Btw, did they respond to your mail saying 31-Aug or did they write to you (themselves voluntarily) saying your's is processed (wondering if they provide any sort of confirmation to the applicants, which I doubt is not the case)
Cheers and good luck (to all of us)


----------



## Forc3s (Sep 5, 2015)

My pic request was received on 20th August . CC charged on 17th Nov They say they mailed it on the 20th November. I haven't received it yet here in Australia


----------



## bansalch (Sep 21, 2015)

I had sent an email for status check to FBI. They replied they are processing files received on Sep 1, 2015 at the moment... FYI for people who have sent it around this date.


----------



## stamang (Oct 10, 2015)

Since the time I have moved from USA to Australia, I have bragged about how fast and efficient things are in the states and how slow the aussie system is. I must admit, this is a ridiculously slow process and a shame on FBI to take 4 months to just issue a damn police clearance.

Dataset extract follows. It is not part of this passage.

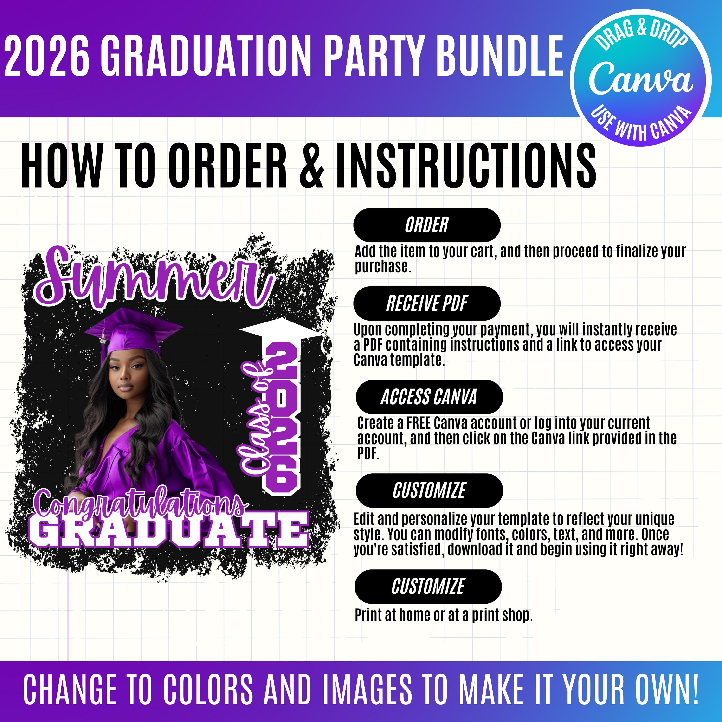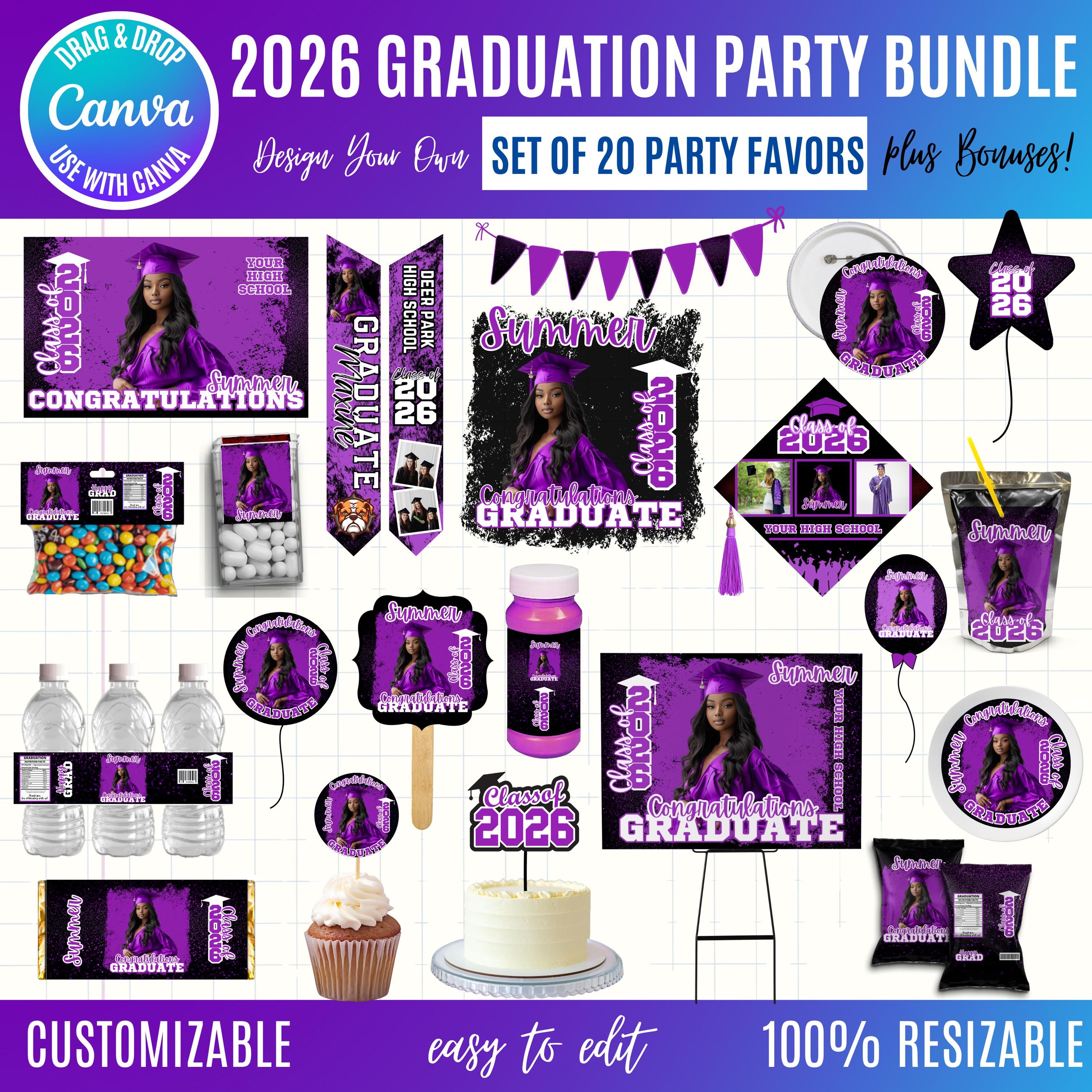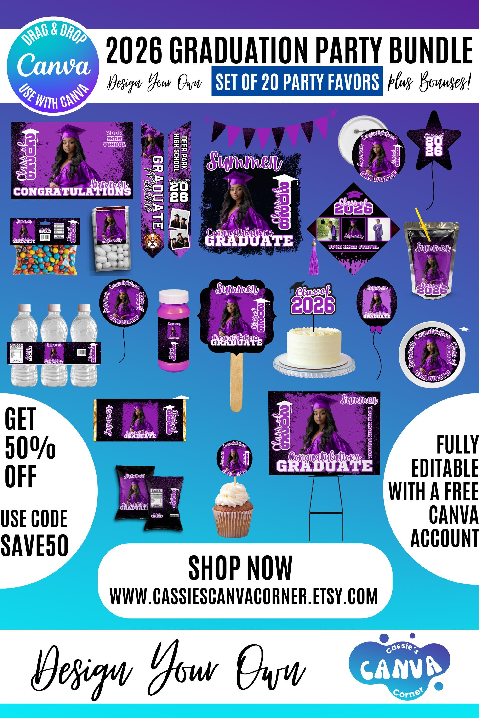 Graduation 2026 Canva Bundle Template, Editable Grad Party Decor Kit, Pre-Made Senior Designs, Canva graduation party favors, Balloons, Bunting, Yard Sign, Cap Topper & More, Canva graduation bundle, 2026 graduation canva bundle, 2026 Senior graduation party favors, party favors bundle, graduation 2026, grad party bundle, canva graduation, editable grad decor, class of 2026, graduation template, grad party favors, senior 2026 decor, graduation cap topper, grad backdrop template, graduation bundle, printable grad decor, grad party kit, Graduation 2026 template bundle, editable graduation party decorations, Canva grad party kit, Class of 2026 party favors, DIY graduation decor templates, printable graduation decorations, senior graduation bundle Canva, graduation cap topper template, graduation party backdrop template, customizable grad designs

They should really be ashamed about the entire process. In addition, on calling the FBI, they said they can't neither confirm the delivery or tell me if my fingerprints are alright. Myan, after waiting for three months for them to just open the freaking packed, imagine they come back and tell me that I need to resend them again. Jesus, a baby is born in nine months. Add 5 more months to their processing time and we have a baby! Lord save America. Have just realized, no matter whichever the country, when it comes to government bodies, they all suck as hell!


----------



## Ajeet (Nov 24, 2015)

stamang said:


> Since the time I have moved from USA to Australia, I have bragged about how fast and efficient things are in the states and how slow the aussie system is. I must admit, this is a ridiculously slow process and a shame on FBI to take 4 months to just issue a damn police clearance. They should really be ashamed about the entire process. In addition, on calling the FBI, they said they can't neither confirm the delivery or tell me if my fingerprints are alright. Myan, after waiting for three months for them to just open the freaking packed, imagine they come back and tell me that I need to resend them again. Jesus, a baby is born in nine months. Add 5 more months to their processing time and we have a baby! Lord save America. Have just realized, no matter whichever the country, when it comes to government bodies, they all suck as hell!


That's right. But where US lags, Australia leads. They issue police clearance sometimes within 24 hours!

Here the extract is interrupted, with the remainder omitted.